= Try it =
Repetition must be exact and must stop with the line bearing "with drag bar". It begins at the first line of the records and includes no pictures.

Extracted material section start

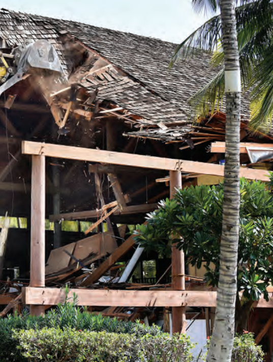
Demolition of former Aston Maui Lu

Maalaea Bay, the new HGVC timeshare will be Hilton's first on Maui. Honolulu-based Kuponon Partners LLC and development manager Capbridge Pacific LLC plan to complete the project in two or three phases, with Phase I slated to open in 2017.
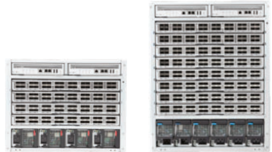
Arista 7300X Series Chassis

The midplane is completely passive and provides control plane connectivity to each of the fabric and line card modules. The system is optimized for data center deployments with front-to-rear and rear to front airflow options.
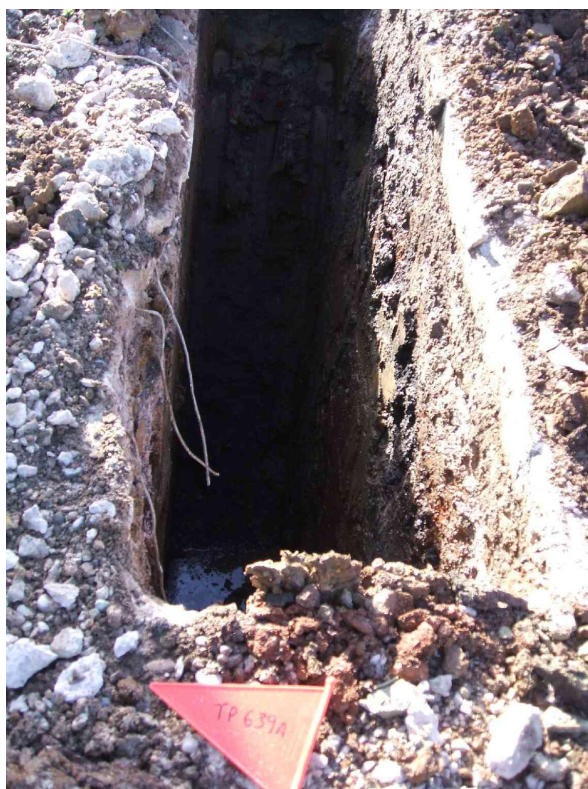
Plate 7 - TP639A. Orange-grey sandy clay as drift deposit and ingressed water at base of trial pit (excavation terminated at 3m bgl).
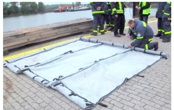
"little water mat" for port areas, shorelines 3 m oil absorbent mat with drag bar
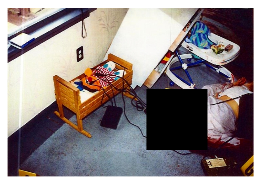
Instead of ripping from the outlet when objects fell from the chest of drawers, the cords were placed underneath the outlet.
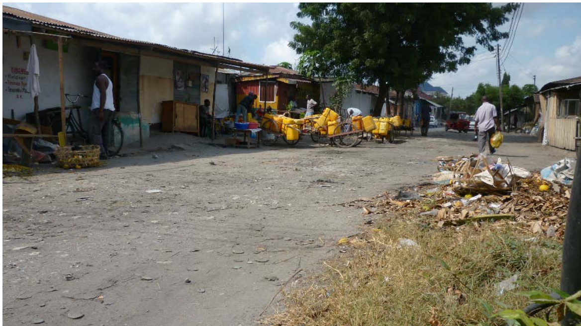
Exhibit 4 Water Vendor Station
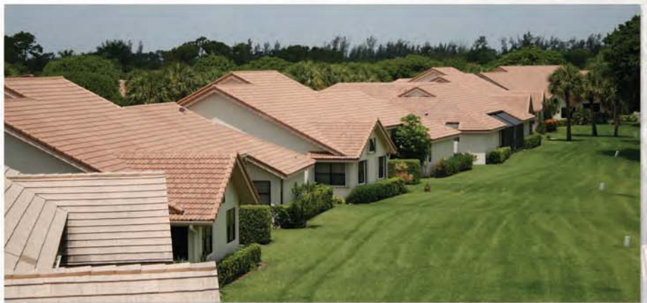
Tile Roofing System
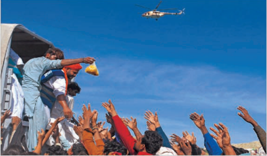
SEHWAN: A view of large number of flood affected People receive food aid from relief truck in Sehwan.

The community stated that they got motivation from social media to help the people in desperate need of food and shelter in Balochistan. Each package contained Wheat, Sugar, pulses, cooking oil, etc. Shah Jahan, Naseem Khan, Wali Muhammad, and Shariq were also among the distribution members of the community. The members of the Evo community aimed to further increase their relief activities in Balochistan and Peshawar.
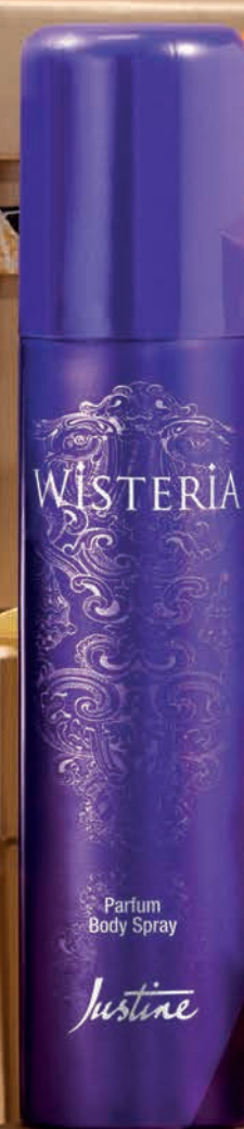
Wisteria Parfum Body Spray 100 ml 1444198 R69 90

Extracted material section end

= Problem solution =
Demolition of former Aston Maui Lu

Maalaea Bay, the new HGVC timeshare will be Hilton's first on Maui. Honolulu-based Kuponon Partners LLC and development manager Capbridge Pacific LLC plan to complete the project in two or three phases, with Phase I slated to open in 2017.
Arista 7300X Series Chassis

The midplane is completely passive and provides control plane connectivity to each of the fabric and line card modules. The system is optimized for data center deployments with front-to-rear and rear to front airflow options.
Plate 7 - TP639A. Orange-grey sandy clay as drift deposit and ingressed water at base of trial pit (excavation terminated at 3m bgl).
"little water mat" for port areas, shorelines 3 m oil absorbent mat with drag bar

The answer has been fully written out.